Railway Minister Shares Video Highlighting Features Of Bullet Train: ”Presenting Future Of India”


Railway Minister Shares Video Highlighting Features Of Bullet Train: ''Future Of India''

The Railways will run 35 bullet trains when it starts operations

Union Railways Minister Ashwini Vaishnaw often shares fascinating pictures of railway stations across India and keeps followers up to date with the developments happening in the railways. On Monday, he took to X to share a spectacular video of the Mumbai-Ahmedabad train corridor also known as ‘Bullet train.’ The video highlights some of the amazing, state-of-the-art features of the ambitious train project.

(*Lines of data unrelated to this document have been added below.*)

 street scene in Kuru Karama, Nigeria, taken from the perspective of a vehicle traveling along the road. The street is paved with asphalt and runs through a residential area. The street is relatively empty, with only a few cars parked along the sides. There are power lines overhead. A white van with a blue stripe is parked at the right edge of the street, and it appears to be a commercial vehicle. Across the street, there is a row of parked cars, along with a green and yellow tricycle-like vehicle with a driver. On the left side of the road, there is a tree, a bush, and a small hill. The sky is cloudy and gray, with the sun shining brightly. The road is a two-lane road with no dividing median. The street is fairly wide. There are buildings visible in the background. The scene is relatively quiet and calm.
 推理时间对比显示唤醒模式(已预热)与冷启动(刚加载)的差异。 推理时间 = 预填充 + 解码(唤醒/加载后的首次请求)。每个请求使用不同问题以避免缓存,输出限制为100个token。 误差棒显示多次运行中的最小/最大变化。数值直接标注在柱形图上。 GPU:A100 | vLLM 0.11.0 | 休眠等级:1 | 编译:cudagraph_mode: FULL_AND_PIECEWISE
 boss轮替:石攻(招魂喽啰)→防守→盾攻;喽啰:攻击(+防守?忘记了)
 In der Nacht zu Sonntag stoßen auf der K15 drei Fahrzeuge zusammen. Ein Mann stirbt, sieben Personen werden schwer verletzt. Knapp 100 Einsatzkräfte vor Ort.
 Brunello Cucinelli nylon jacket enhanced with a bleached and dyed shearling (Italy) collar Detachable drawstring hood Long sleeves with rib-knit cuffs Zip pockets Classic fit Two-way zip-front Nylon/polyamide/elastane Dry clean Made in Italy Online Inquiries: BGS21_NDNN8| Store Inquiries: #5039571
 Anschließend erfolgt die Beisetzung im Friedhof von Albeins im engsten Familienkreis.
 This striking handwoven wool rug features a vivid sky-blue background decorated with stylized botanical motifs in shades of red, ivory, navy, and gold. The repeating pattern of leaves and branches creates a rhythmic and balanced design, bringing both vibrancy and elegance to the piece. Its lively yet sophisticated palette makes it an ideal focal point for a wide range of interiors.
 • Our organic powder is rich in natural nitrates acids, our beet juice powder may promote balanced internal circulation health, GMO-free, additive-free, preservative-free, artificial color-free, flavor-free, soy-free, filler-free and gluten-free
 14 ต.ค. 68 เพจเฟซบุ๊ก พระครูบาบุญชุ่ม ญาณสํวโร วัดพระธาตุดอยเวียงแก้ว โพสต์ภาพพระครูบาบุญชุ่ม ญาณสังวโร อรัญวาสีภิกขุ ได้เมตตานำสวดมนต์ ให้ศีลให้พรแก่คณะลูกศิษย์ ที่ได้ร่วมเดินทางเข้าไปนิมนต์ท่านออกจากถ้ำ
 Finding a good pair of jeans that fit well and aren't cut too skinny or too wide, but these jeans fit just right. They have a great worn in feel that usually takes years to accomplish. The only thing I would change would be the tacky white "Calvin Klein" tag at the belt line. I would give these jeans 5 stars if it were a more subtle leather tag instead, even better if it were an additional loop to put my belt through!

Covering a distance of 508 km between Mumbai and Ahmedabad, the bullet train is expected to achieve a maximum speed of 320 km per hour, reducing travel time to just 2 hours. 24 river bridges and 28 steel bridges are being erected for the bullet train route. 

The video describes the project as, ”a marvel of world-class engineering” and the ”future of India.” Sharing the video, Mr Vaishnaw wrote, ”We weave reality not dreams. Stay tuned for Bullet train in Modi 3.0!”

Watch the video here:

The Mumbai-Ahmedabad corridor has been making steady progress since work began in November 2021. Last year, the Railway minister announced that the first bullet train section in India – a 50km stretch between Bilimora and Surat in Gujarat – will be completed in August 2026.

The Railways will run 35 bullet trains when it starts operations, with about 70 trips per day. It plans to increase the number to 105 trains by 2050. Around 1.6 crore people are expected to travel by train every year when operations begin.

Reacting to the video, one user wrote, ”We are eagerly waiting for this sir.” Another commented, ”Looking forward to witnessing this transformative journey unfold.”

Notably, the projected cost is an estimated ₹ 1.08 lakh crore, of which the Centre is committed to providing ₹ 10,000 crores, while Gujarat and Maharashtra will contribute ₹ 5,000 crores each. The remaining funding will be secured through a loan from Japan – at a minimal 0.1 percent interest rate.